(Recorded data)
++++++

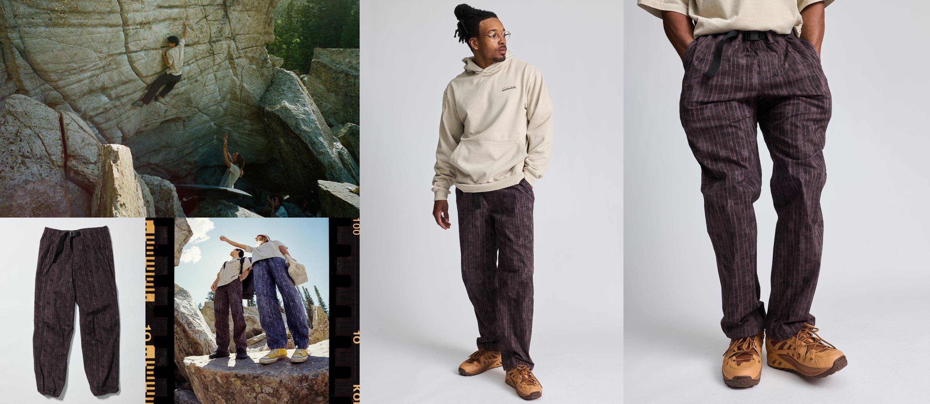Lightweight cotton climb pants with a relaxed leg shape for comfort on and off the rock.
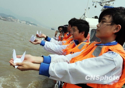 4月1日,清明节临近,曾参加过中国第四批海地维和防暴队的福州马尾边防大队王水华、康成武等4名边防警官与马尾边防大队官兵以及驻地闽安中学的师生们,乘坐边防船艇来到闽江口,以“低碳环保、绿色文明”的海祭方式,为8位维和英烈举行海祭仪式,共同缅怀维和英烈。图为参加该海祭仪式的闽安中学学生通过放飞纸鹤的方式哀悼维和英烈。2009年1月13日,正在海地执行联合国维和任务的8名中国维和警察在海地强烈地震中遇难。中新社发 刘可耕 摄
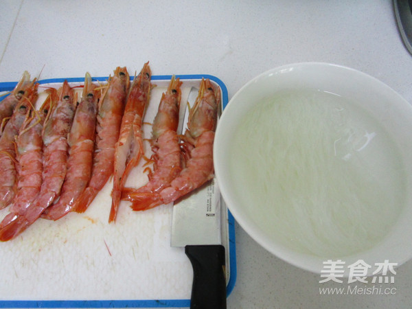 把蝦去掉蝦須后再開背去蝦線后洗凈,粉絲用沸水泡發后洗凈
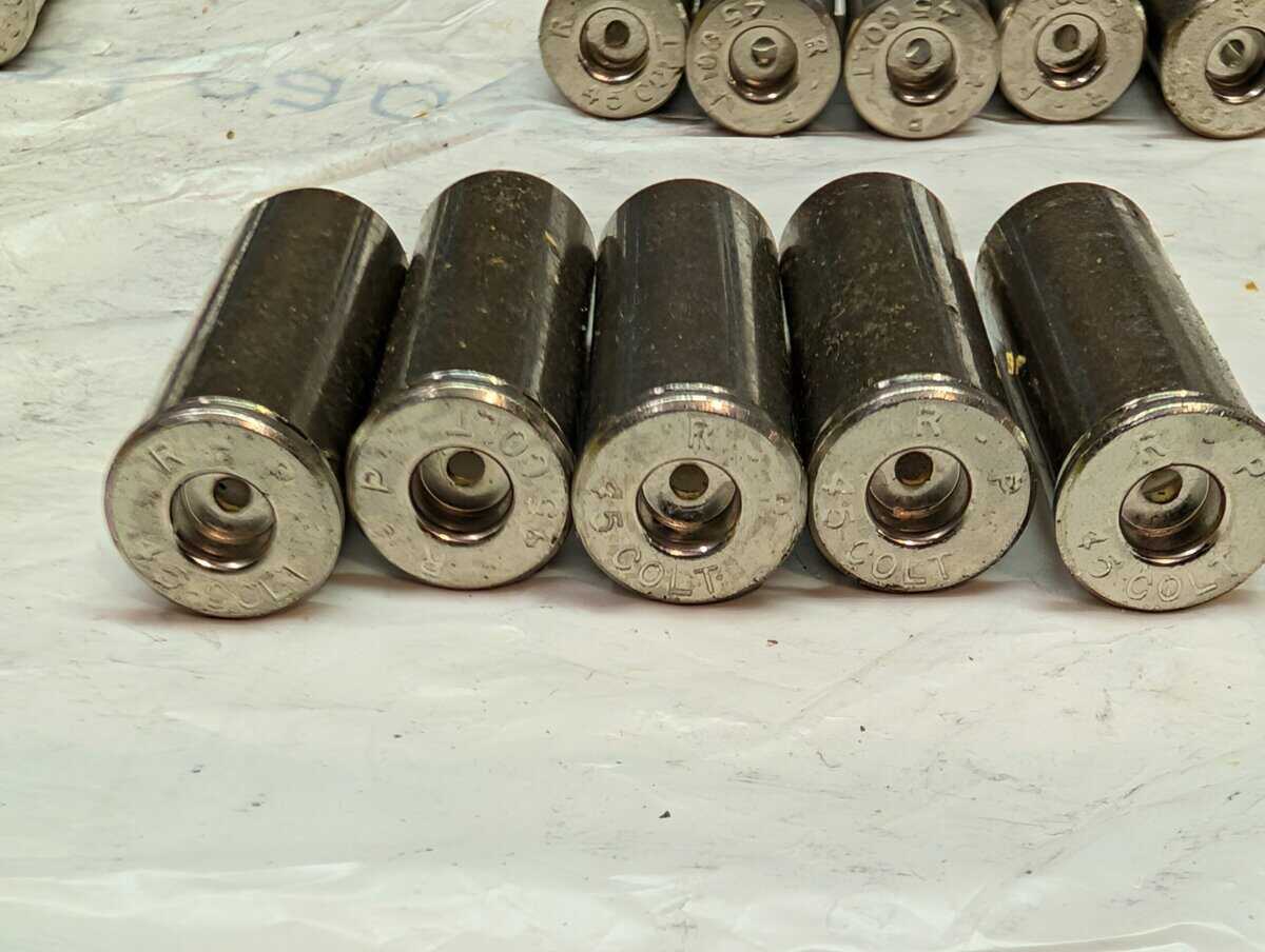 183) 45 Long Colt brass, 103 are new nickel plated Remington. $40.00
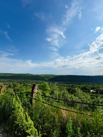 Beautiful countryside view featuring dense foliage and a vibrant blue sky.
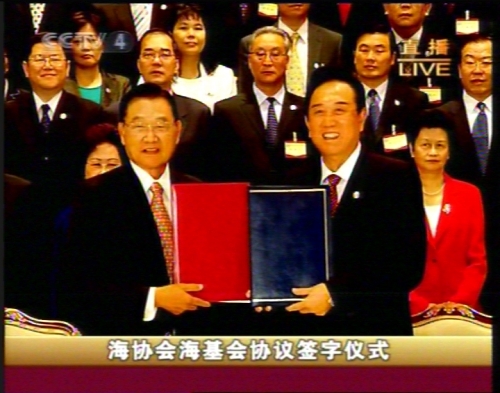 海协会会长陈云林与海基会董事长江丙坤签署协议。26日下午三时许,海协会会长陈云林与台湾海基会董事长江丙坤在南京紫金山庄正式签署《海峡两岸空运补充协议》、《海峡两岸金融合作协议》、《海峡两岸共同打击犯罪及司法互助协议》。(中国台湾网 钟宝华 摄)
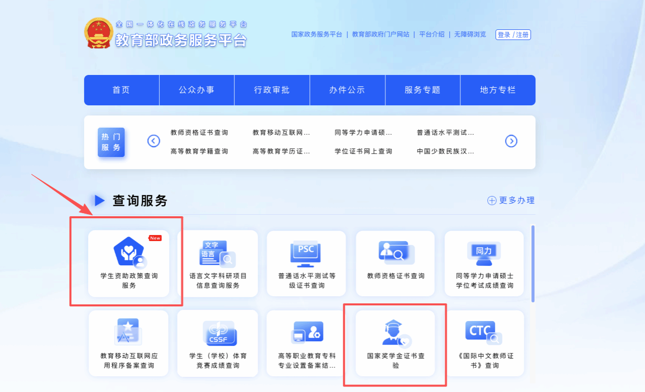 1.访问教育部政务服务平台(https://zwfw.moe.gov.cn/,即教育部官方网站服务板块),在“查询服务”板块,选择使用“学生资助政策查询服务”;
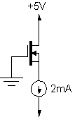Figura 5: Esquema del transistor JFET de canal N polarizado con VGS = -2 V y VDS = 5 V
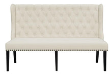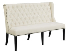 Enjoy timeless style and dependable comfort with this traditional cream bench from the Mapleton Collection. This piece brings contemporary flair to classic features – the wingback design, the border of decorative nailheads, and the deeply tufted back are all brought up to date with striking modern construction. Use at a dining table, entryway, or anywhere that compact yet cozy seating is desired.
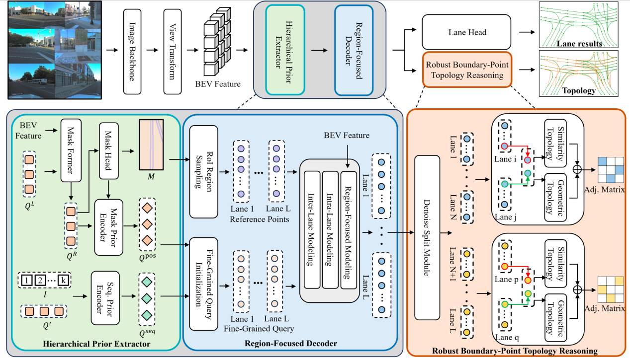 方法框架图,包括:层次先验提取器、区域聚焦解码器和鲁棒边界点拓扑推理模块
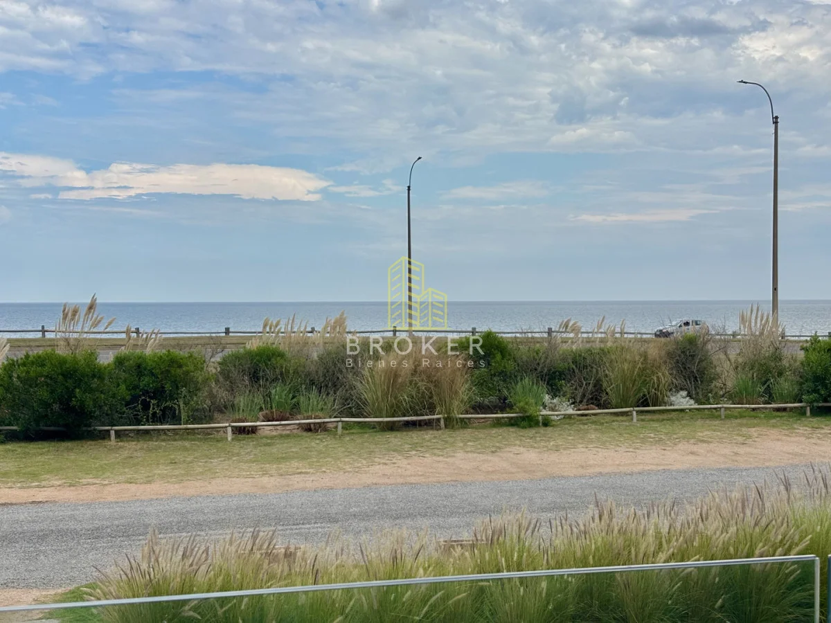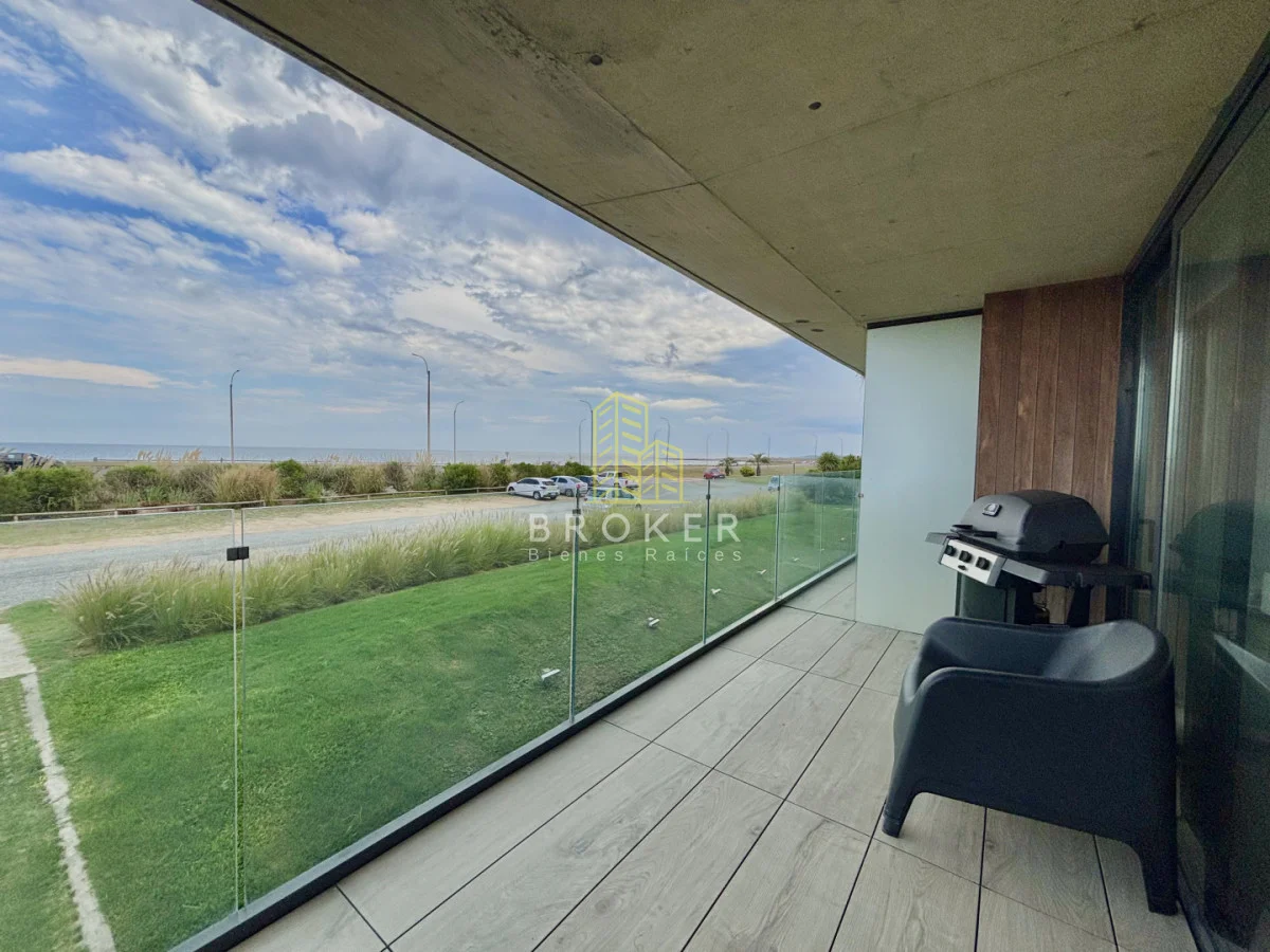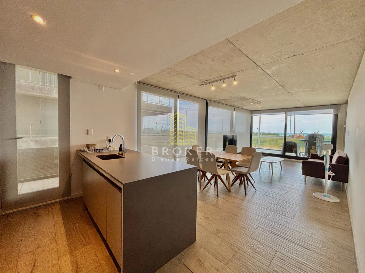 Confortable living comedor con salida a balcón con vista directa al mar, cocina integrada con barra, dos dormitorios (uno en suite), dos baños, y una segunda terraza de grandes dimensiones en el contra frente.

++++++

**Task details**
Without the pictures, set down the lines above from the line with "Beautiful countryside view" up to and including the line with "Figura 5: Esquema" exactly as they stand.

**Solved exercise**
 Beautiful countryside view featuring dense foliage and a vibrant blue sky.
 海协会会长陈云林与海基会董事长江丙坤签署协议。26日下午三时许,海协会会长陈云林与台湾海基会董事长江丙坤在南京紫金山庄正式签署《海峡两岸空运补充协议》、《海峡两岸金融合作协议》、《海峡两岸共同打击犯罪及司法互助协议》。(中国台湾网 钟宝华 摄)
 1.访问教育部政务服务平台(https://zwfw.moe.gov.cn/,即教育部官方网站服务板块),在“查询服务”板块,选择使用“学生资助政策查询服务”;
Figura 5: Esquema del transistor JFET de canal N polarizado con VGS = -2 V y VDS = 5 V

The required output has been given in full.